◆ **Exercise**:
Using the data below, restate exactly every line from the one with "6 x 6 x 36 inches." up to and including the one with "A Group of Auriculas". No picture belongs in it.

◆ **Provided data**:
####################

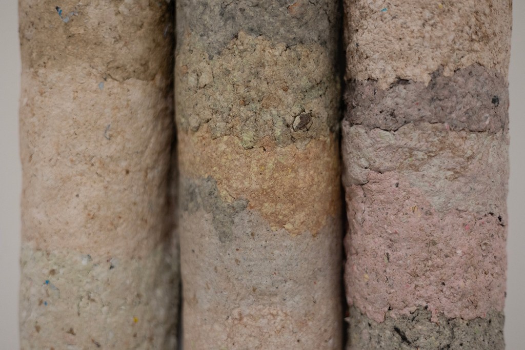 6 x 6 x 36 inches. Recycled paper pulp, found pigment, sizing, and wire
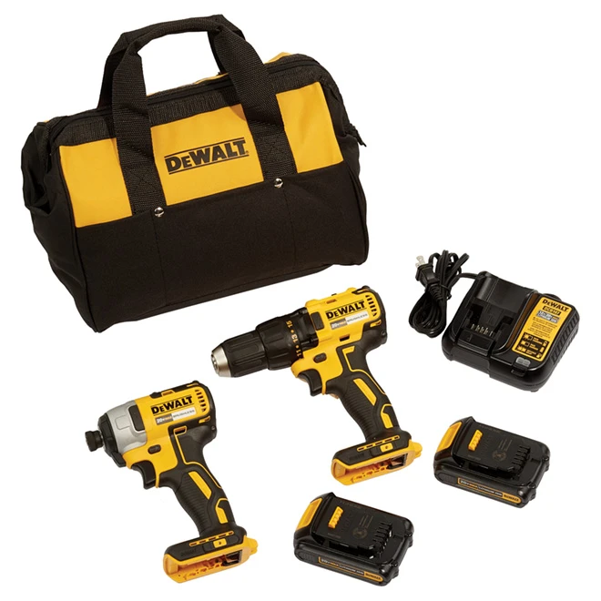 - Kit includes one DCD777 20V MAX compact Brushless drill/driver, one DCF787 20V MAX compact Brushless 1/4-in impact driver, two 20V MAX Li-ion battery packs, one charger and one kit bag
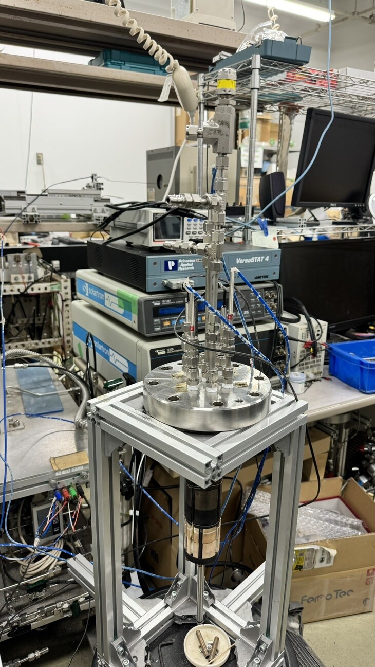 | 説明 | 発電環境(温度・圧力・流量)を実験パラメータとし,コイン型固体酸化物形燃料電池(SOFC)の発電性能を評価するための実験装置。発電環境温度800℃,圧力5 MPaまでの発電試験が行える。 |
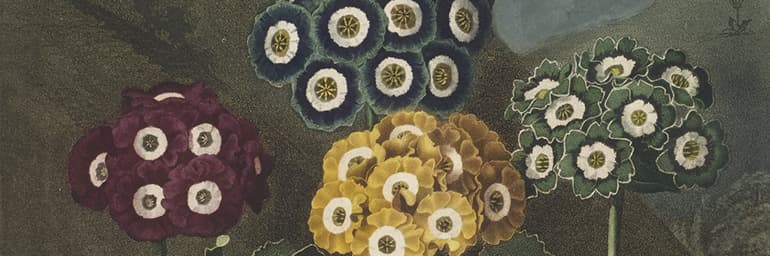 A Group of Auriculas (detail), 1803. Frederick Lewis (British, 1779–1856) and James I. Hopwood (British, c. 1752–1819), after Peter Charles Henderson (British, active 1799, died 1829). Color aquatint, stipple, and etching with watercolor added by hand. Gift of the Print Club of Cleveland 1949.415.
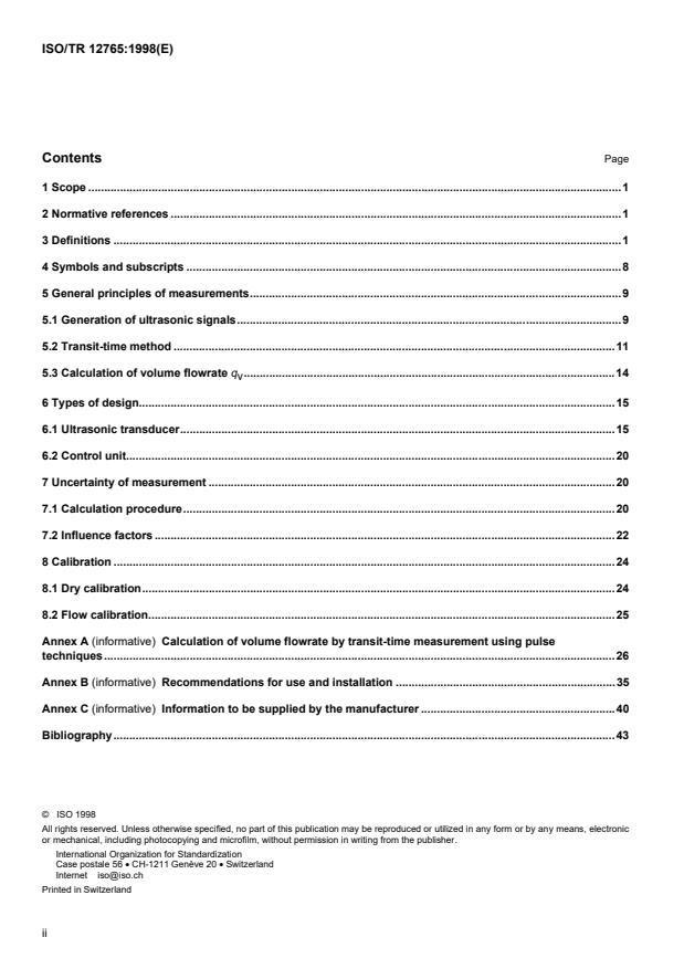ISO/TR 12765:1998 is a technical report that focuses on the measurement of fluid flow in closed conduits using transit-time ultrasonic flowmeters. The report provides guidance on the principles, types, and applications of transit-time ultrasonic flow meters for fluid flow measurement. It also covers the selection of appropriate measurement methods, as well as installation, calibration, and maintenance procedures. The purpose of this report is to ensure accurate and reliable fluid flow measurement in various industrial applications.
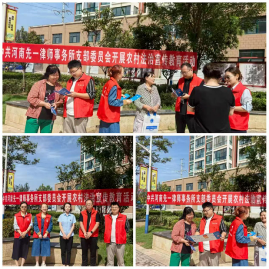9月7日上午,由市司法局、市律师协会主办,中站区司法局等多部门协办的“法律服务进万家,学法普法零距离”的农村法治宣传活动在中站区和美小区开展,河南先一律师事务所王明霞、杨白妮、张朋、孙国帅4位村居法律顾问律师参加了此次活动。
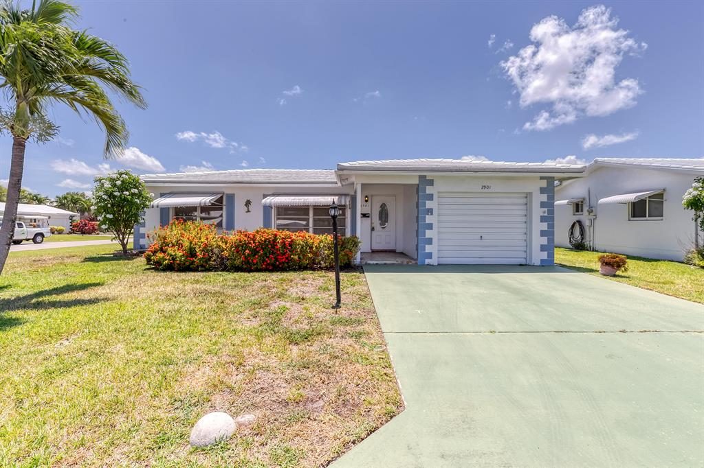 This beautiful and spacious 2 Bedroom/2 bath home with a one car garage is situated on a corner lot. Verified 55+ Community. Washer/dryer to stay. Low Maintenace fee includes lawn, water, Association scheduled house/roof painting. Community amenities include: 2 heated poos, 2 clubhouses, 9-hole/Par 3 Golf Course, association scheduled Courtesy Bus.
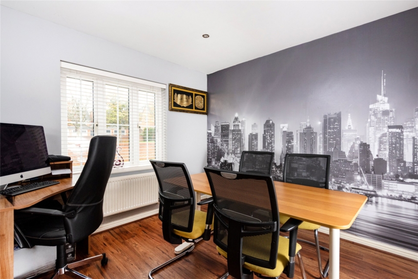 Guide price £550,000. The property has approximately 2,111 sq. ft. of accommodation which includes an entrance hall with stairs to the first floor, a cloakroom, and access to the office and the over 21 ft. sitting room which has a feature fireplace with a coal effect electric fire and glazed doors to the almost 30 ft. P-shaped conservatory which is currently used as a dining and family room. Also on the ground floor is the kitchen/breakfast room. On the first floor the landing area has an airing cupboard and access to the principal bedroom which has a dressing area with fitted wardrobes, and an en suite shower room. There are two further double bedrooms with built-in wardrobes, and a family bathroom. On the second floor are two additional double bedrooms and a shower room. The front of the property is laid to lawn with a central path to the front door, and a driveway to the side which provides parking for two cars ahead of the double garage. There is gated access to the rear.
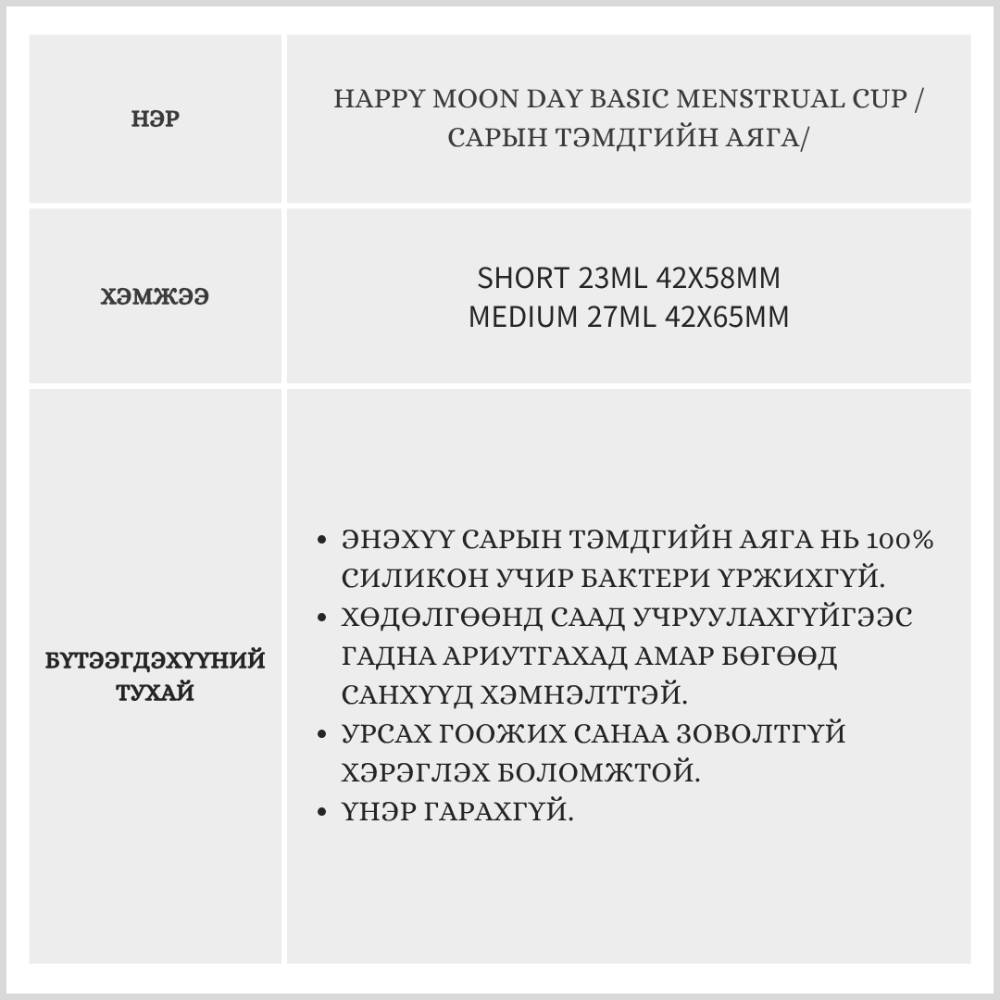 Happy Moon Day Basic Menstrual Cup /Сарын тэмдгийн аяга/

####################

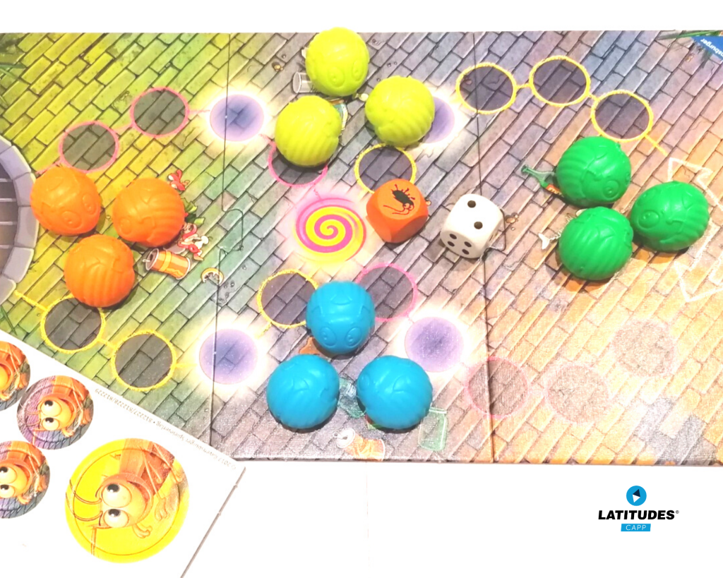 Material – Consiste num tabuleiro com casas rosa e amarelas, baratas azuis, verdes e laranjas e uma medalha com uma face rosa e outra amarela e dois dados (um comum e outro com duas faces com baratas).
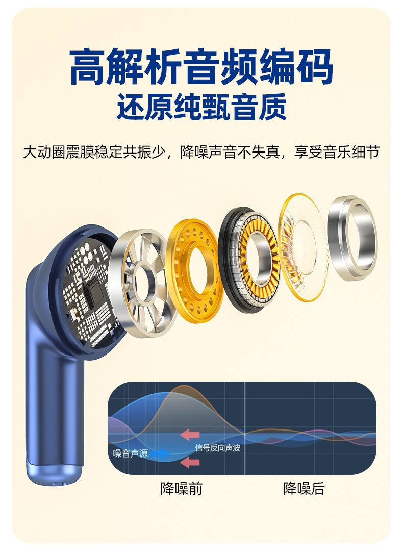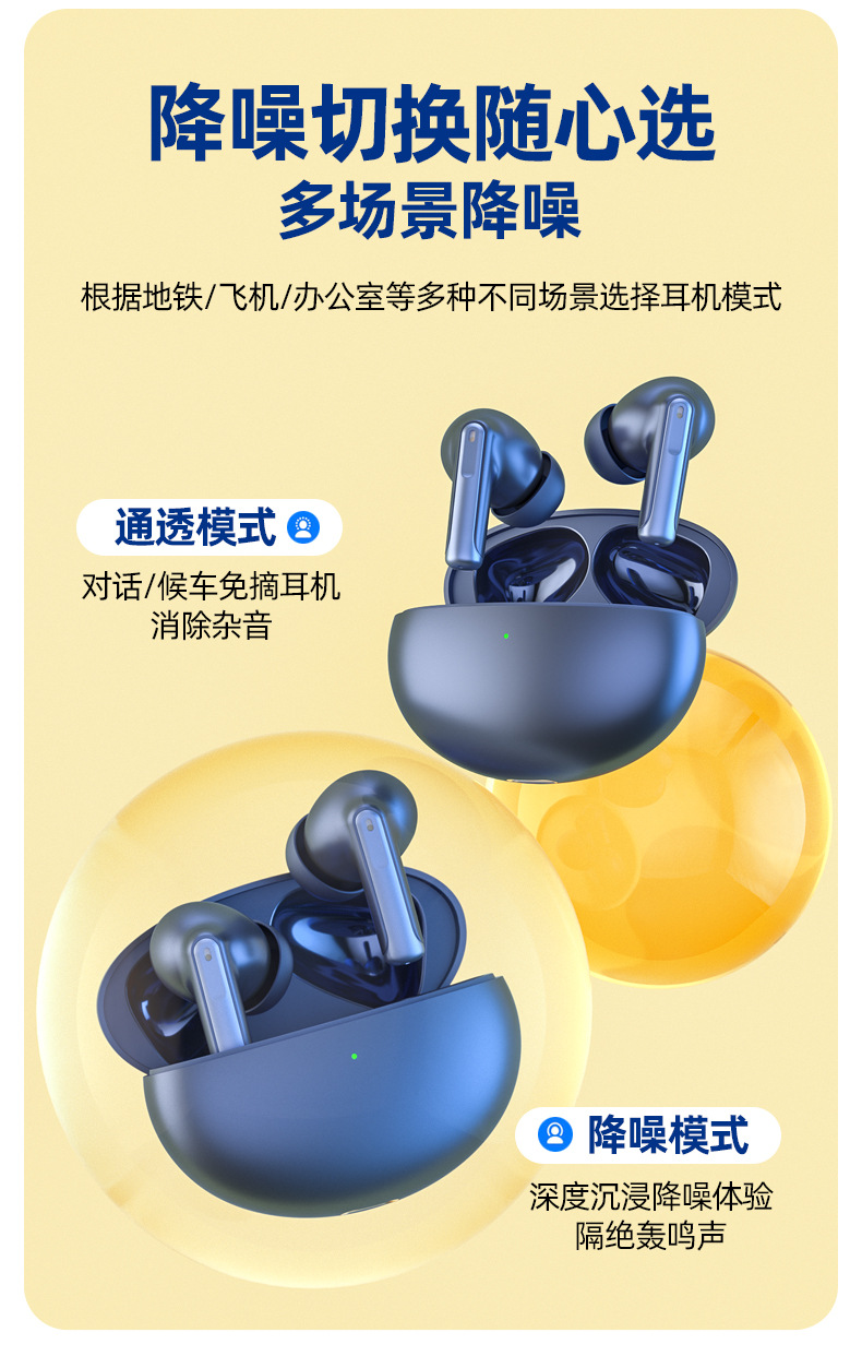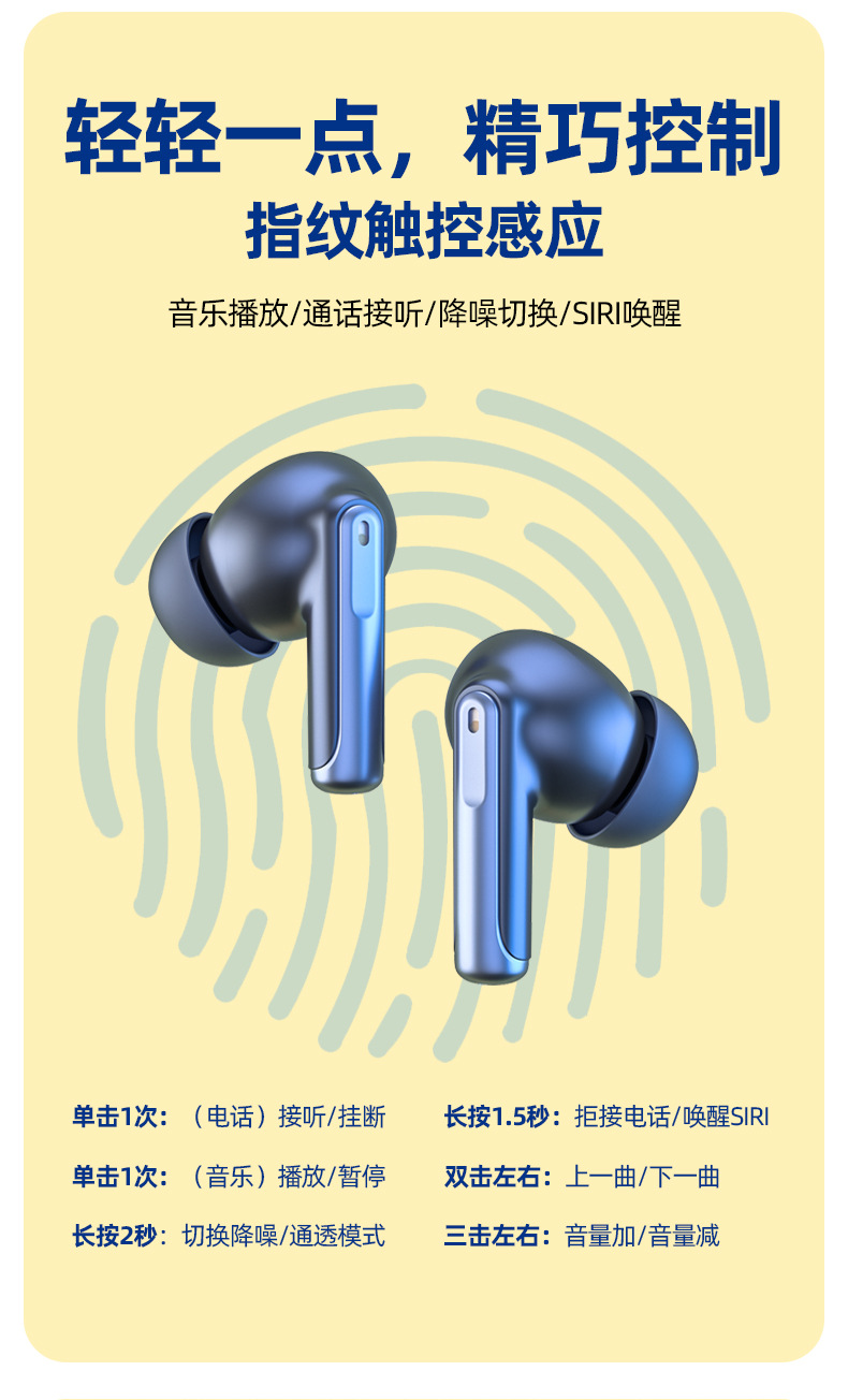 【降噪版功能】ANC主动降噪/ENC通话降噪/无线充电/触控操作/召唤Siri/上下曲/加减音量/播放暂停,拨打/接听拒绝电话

####################

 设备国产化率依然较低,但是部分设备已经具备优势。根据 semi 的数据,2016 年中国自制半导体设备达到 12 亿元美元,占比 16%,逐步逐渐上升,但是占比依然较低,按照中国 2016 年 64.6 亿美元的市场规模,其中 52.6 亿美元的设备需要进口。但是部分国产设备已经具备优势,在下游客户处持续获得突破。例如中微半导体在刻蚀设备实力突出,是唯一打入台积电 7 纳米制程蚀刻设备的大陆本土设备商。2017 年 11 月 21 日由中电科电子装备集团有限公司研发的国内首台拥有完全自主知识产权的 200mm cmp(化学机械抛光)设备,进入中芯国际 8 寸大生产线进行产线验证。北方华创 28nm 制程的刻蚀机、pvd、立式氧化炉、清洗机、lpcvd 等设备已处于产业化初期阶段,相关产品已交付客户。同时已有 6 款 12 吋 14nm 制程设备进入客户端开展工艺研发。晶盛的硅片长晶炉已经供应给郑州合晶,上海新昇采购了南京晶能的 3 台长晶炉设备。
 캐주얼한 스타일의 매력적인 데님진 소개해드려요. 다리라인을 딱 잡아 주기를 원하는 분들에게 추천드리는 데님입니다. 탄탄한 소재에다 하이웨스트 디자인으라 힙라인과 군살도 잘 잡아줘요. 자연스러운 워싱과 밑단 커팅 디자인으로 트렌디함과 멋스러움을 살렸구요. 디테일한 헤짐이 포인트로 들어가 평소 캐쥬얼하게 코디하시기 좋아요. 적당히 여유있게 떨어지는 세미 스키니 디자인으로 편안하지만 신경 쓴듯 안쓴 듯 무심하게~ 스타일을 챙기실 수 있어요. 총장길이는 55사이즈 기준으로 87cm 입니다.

####################

◆ **Solution for this task**:
 6 x 6 x 36 inches. Recycled paper pulp, found pigment, sizing, and wire
 - Kit includes one DCD777 20V MAX compact Brushless drill/driver, one DCF787 20V MAX compact Brushless 1/4-in impact driver, two 20V MAX Li-ion battery packs, one charger and one kit bag
 | 説明 | 発電環境(温度・圧力・流量)を実験パラメータとし,コイン型固体酸化物形燃料電池(SOFC)の発電性能を評価するための実験装置。発電環境温度800℃,圧力5 MPaまでの発電試験が行える。 |
 A Group of Auriculas (detail), 1803. Frederick Lewis (British, 1779–1856) and James I. Hopwood (British, c. 1752–1819), after Peter Charles Henderson (British, active 1799, died 1829). Color aquatint, stipple, and etching with watercolor added by hand. Gift of the Print Club of Cleveland 1949.415.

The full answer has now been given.